_Your assignment:_ Write out the data that follows exactly, keeping every picture out.

_Data provided:_

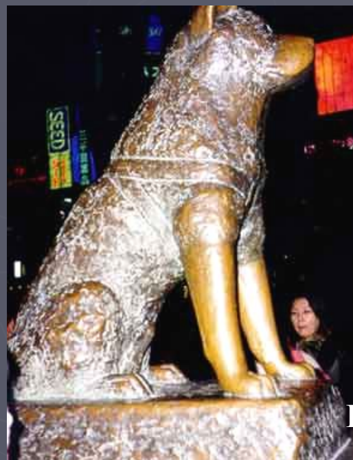
Берлинский памятник собакам-поводырям
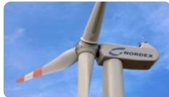
Generation Beta N90/2500
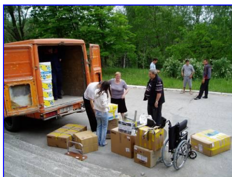
Computers voor Professional School in Dubossary, Transnistrië
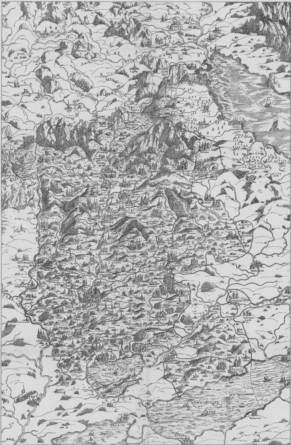
Fac-similé par A. Weibel, Novembre 1914

_Answer section:_
Берлинский памятник собакам-поводырям
Generation Beta N90/2500
Computers voor Professional School in Dubossary, Transnistrië
Fac-similé par A. Weibel, Novembre 1914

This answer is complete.